Paniccia: Parco del mare e Palazzo Carciotti non sono alternativi

«La Fondazione CRTrieste ragiona sui progetti di una città che deve pensare in grande»
Se vuole tornare grande, Trieste deve pensare in grande, buttare l’occhio sui prossimi vent’anni, e non ostacolare la veduta con il termine dei mandati amministrativi. Parco del mare alla ex Pescheria? Perché no, purché non si mettano i pesci nell’ex Magazzino vini. Palazzo Carciotti per congressi? Perché no. Chi si ferma davanti a qualche milione di euro? È così che vede le cose Massimo Paniccia, presidente della Fondazione CrTrieste, presidente del Mediocredito, presidente di AcegasAps, presidente delle piccole imprese di Udine.


Alla cassaforte della Fondazione bussano tutti, 1000 domande all’anno. E lui notoriamente preferisce parlare nei consigli di amministrazione piuttosto che in pubblico, ma ora quel bussare raddoppia e triplica: dopo il costoso restauro della ex Pescheria, l’acquisto e la riedificazione del nobile rudere Magazzino vini, si ipotizza proprio in quell’area il Parco del mare, e si desidera un impegnativo centro congressi con pinacoteca a Palazzo Carciotti.


Presidente Paniccia, la Fondazione finanzierà tutto, qualcosa, o niente? Forse le dispiacerà dover ri-spendere ora sulla Pescheria?
La Fondazione, quando la città chiede, non dice mai di no a priori. È al servizio della comunità, che ha le sue idee, non sempre coincidenti. Quando il sindaco ci chiese la ristrutturazione della Pescheria per farne un polo culturale fu risposto subito di sì. L’avevo però detto già allora: sopra c’era scritto «Acquario». Sarebbe stato un contenitore ideale. Proponemmo un nostro progetto che consentiva una maggiore versatilità di uso della struttura. Ma le grandi opere hanno iter prefissati, non si può cambiare in corsa, e così tutto è andato avanti come previsto.
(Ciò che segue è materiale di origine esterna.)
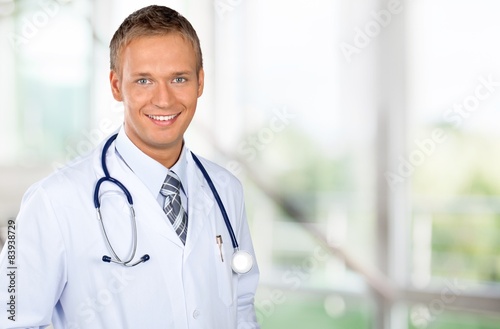 doctor, male, man, happiness, portrait, people, smiling, one person, ethnic, isolated, professional occupation, stethoscope, white background, labcoat, adult, confidence, one man only, vertical, toothy smile, adults only, waist up
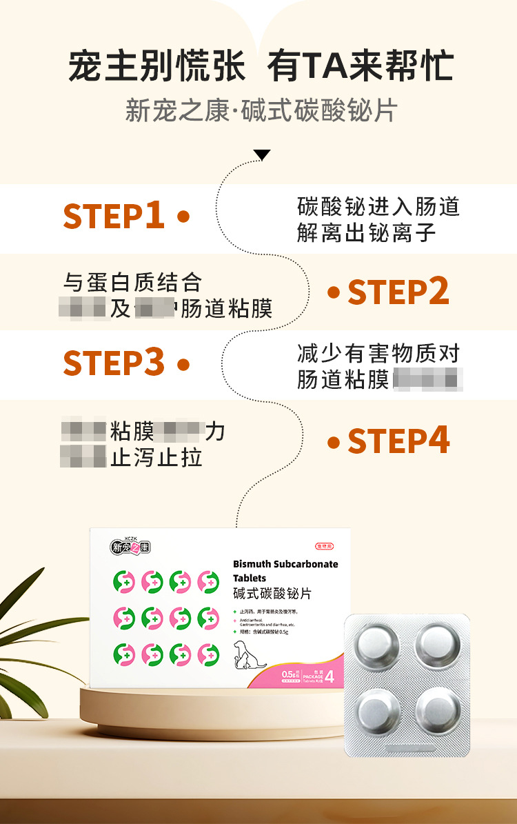 新宠之康碱式碳酸铋片4片盒装 细小、肠炎、冠状病毒引起的腹泻

Ora, francamente, non è utilizzata a pieno, e coi costi che ha...


Vi si chiede un restauro-bis e di cedere al Parco del mare il Magazzino vini.
L’abbiamo comprato per dare vita come palacongressi a un contenitore vuoto da 50 anni, è stato anche un ottimo investimento immobiliare, ha una posizione stupenda. Fatto il progetto, ci è stato chiesto di soprassedere, non c’erano più le condizioni politiche. E va bene, non vogliamo fare niente contro la città. L’idea era di farci un centro multimediale per i giovani. Proprio nei giorni scorsi è arrivato il permesso di costruire, la licenza edilizia. Quando ci è stato chiesto per il Parco del mare, la risposta è stata: sì, ma rispettando prerogative cui non vogliamo rinunciare.


Quali prerogative?
Nessuna riconversione. Resteranno il parcheggio sotterraneo e tre piani, il primo per conferenze e mostre, gli altri per centro direzionale e area commerciale.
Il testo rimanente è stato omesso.